The end of November and we were in a hotel, a little north of London. I had booked the room online, after a fairly hurried web search (grandchildren don't arrive to a timetable). With few hotels in the area, the choice was limited.
The hotel's website looked good: clean design, good images, and not too much guff. What I didn't do, but will in future, is look at what people said about their experiences of staying there. I did that the following day. A little too late.
What we found, within a short time of arriving, was a gap between what the website promised ("gracious country living"), and what the hotel delivered ("old, and tired, and dirty") - the language is my wife's. To some extent, there is always going to be this risk. I have learnt, over the years, to treat hotel websites with a degree of caution (a passing acquaintance with the potential deceit of marketing is useful) but what really got me this time was all about price and value.

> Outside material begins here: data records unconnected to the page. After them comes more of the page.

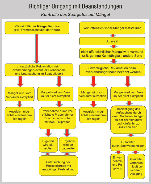 Bei schlechten Feldaufgängen ist unverzüglich der Vorlieferant zu informieren und in Kenntnis zu setzen. Ist noch verschlossenes Saatgut vorhanden, kann hieraus eine Probe entnommen werden. Ist kein Probenahme und keine Einigung mit dem Vorlieferanten möglich, muss ein vereidigter Sachverständiger den Schaden bewerten und ein gerichtsverwertbares Gutachten erstellen. Es wird empfohlen, dass bei der Begutachtung der Fläche alle Beteiligten zugegen sind.
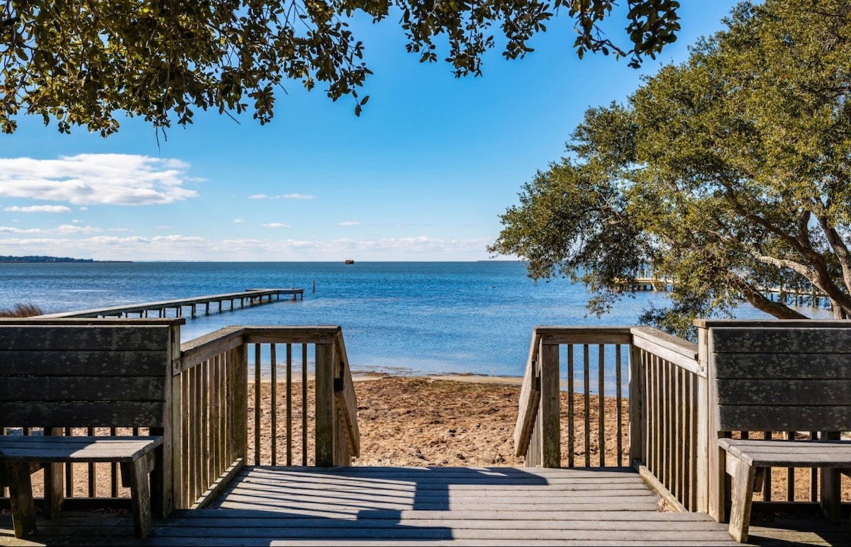 Welcome to "Seas the Bay" surrounded by water and majestic live oaks! This quaint 1,000 sqft cottage offers stunning views of Kitty Hawk Bay from the house, deck, & dock. Just 5 min from the beach, local food, & nightlife. Our dock on the bay is a perfect place to enjoy sunrises on the water. This listing is for 4 guests, perfect for a family, friends, or couples. Another airbnb rental is on the same property to the left, there is shared parking, but no living spaces shared.
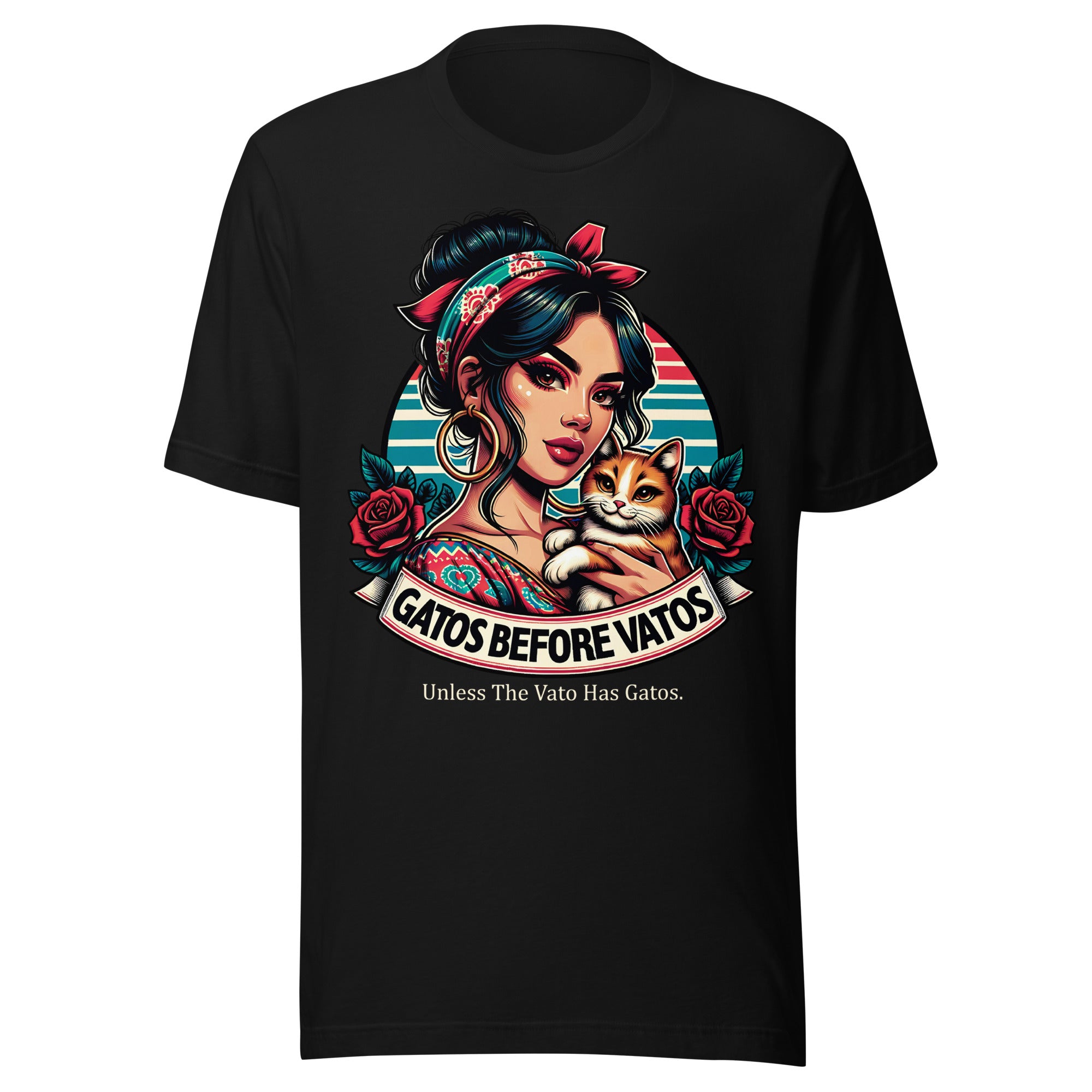 Gatos before Vatos. Unless the Vato Has Gato Chingona T-Shirt is the ultimate addition to any wardrobe. This t-shirt is crafted from the finest grade of cotton, delivering a soft, lightweight, and comfortable feel. Its classic design features a crew neckline, short sleeves, and an effortlessly regular fit.
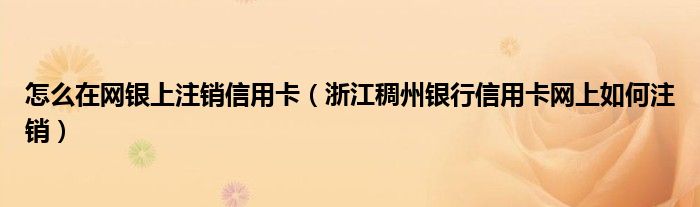大家好,小元来为大家解答问题。怎么在网银上注销信用卡,浙江稠州银行信用卡网上如何注销这个很多人还不知道,现在让我们一起来了解下吧!
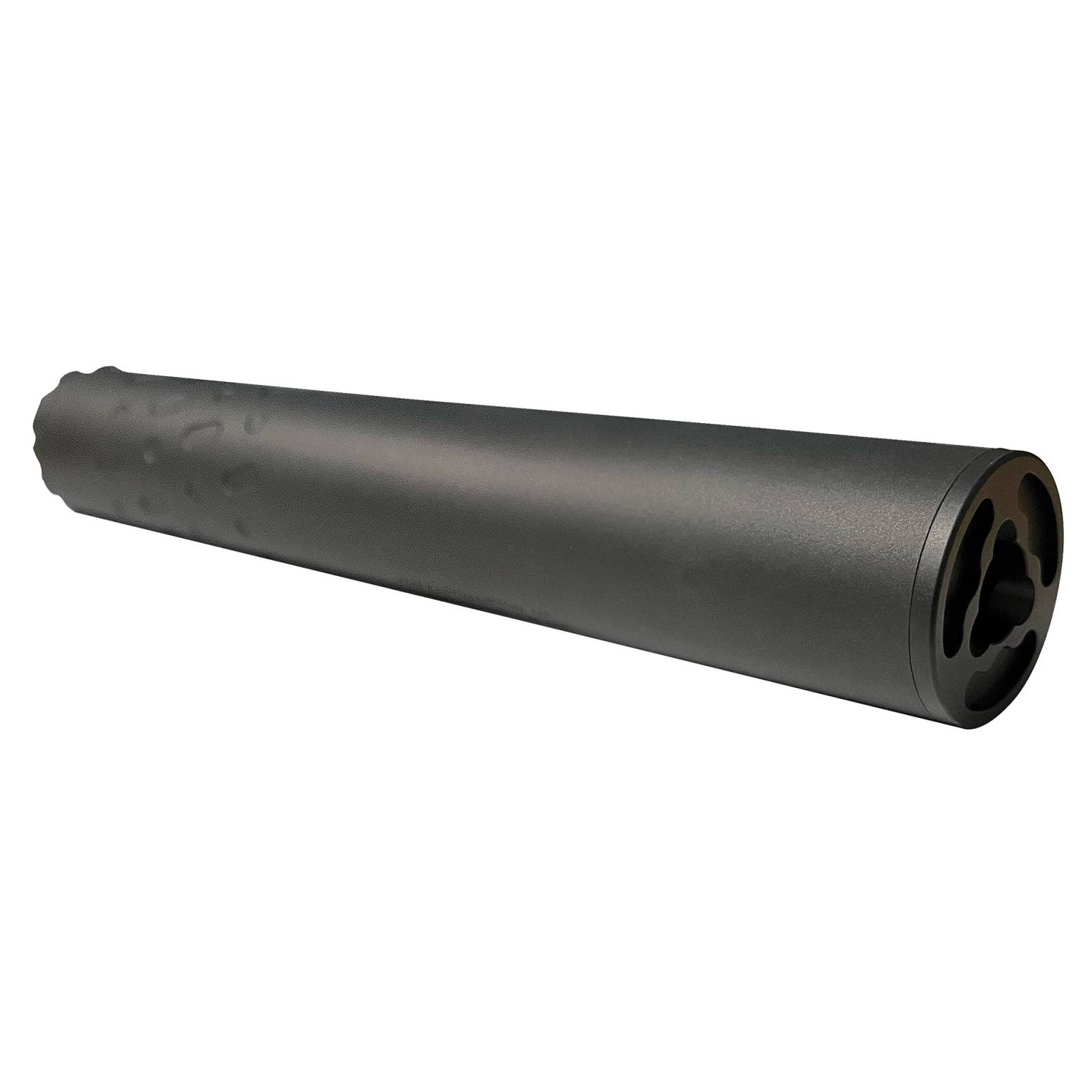 The booster system has been completely redesigned and now uses the industry's unofficial standard piston. The redesign also includes the ability to swap pistons without the use of tools thanks to a new rear cap. The front cap has been redesigned to allow for better engagement with the takedown tool to make the service process easier. The Sidewinder M2 is user serviceable which allows both the baffle and Nielsen device to be removed for cleaning and maintenance using the provided disassembly tool. The Nielsen piston (device) enables flawless semi-automatic operation on all relevant host pistols. The Sidewinder M2 has 12 index points that allow you to adjust point of impact while remaining attached to the host firearm. The average dry sound signature of the Sidewinder M2 .45 when testing to Mil-Std 1474D is 133 dB dry on a Glock G21 using 230gr. FMJ ammo. Shooting the suppressor "wet" will net even quieter results.

The hotel wasn't cheap. Perhaps not quite Central London rates, but not far off - and had they delivered on the website promise, we would have felt we had had value. As it was, we felt ripped off. It is a hotel we won't be going to again, and even if we haven't posted any comment on TripAdvisor, we have told a lot of people about it.

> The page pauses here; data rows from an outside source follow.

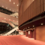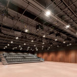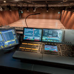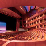 天井上部に設置するLEDフルカラー照明(RGBAW色、50W、ビーム角23°,60°×10°)により開演前から開演時の天井に雲のように浮かぶ反射板を一瞬消え行く残照のように淡い赤から紫へ、そして青色帯びた光に変わり、その余韻を残して消えていく演出を行うことでこれから始まるパフォーマンスへの期待感を一層膨らませて行きます。
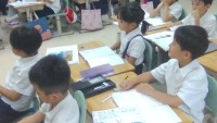三角形や四角形を組み合わせて,魚やお家など,楽しそうに作っています。
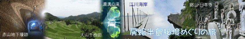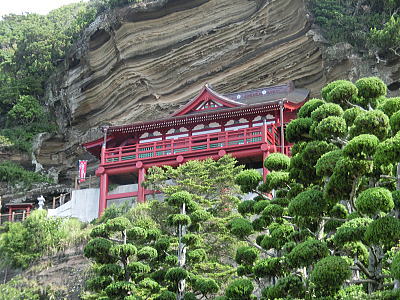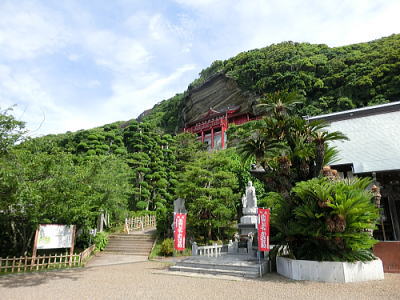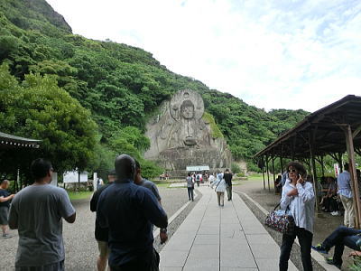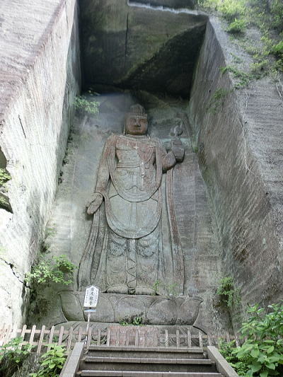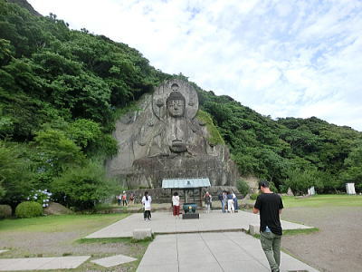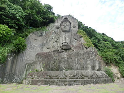 百尺観音(30m)・・昭和36年5月から、6年の歳月を費やして完成した大観音石像です。鋸山山頂に切り立つ、険しい崖に囲まれた雄大な景勝地に安置された大観音像。発願の趣旨は、一つには世界戦争戦死病没殉職者供養のため、また一つには、近年激増する東京湾周辺の航海、航空、陸上交通犠牲者供養のためだそうです。 |
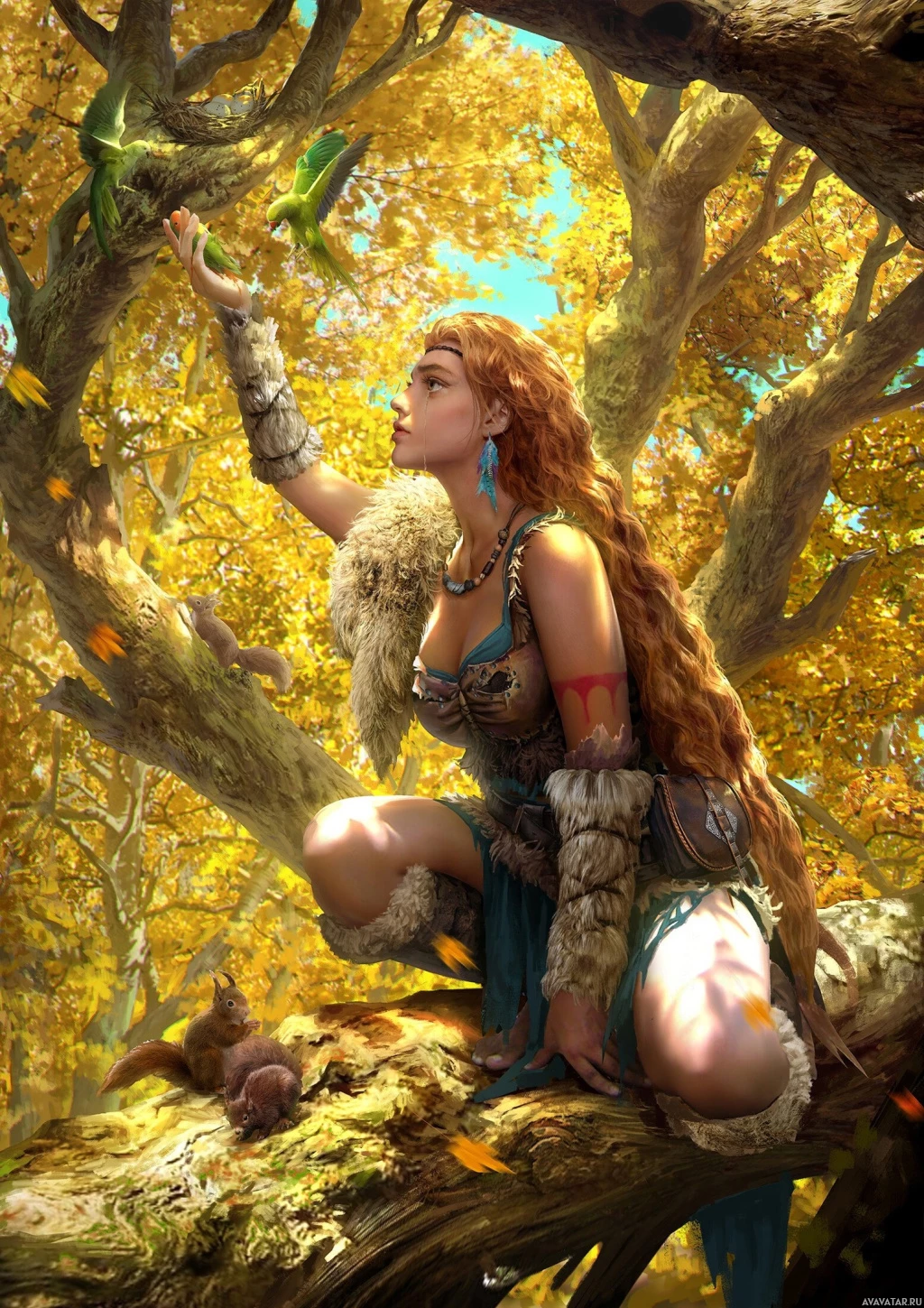 a tree branch. There are birds perched around her, suggesting that she may have tamed them or they are comfortable with her presence. The background shows lush green trees and foliage, indicating a peaceful,

And it made me think about how law firms and their clients look at value and price - and why when I talk with clients in the course of client feedback interviews, what they want to talk about when we talk about fees is not price but is value. For when clients are making decisions about their lawyers, and whether they are going to instruct them, or instruct them again, what the client will look at is value. And yet many lawyers are not capable of articulating what value they deliver, and, worse, many still make assumptions about what their clients value - rather than asking them.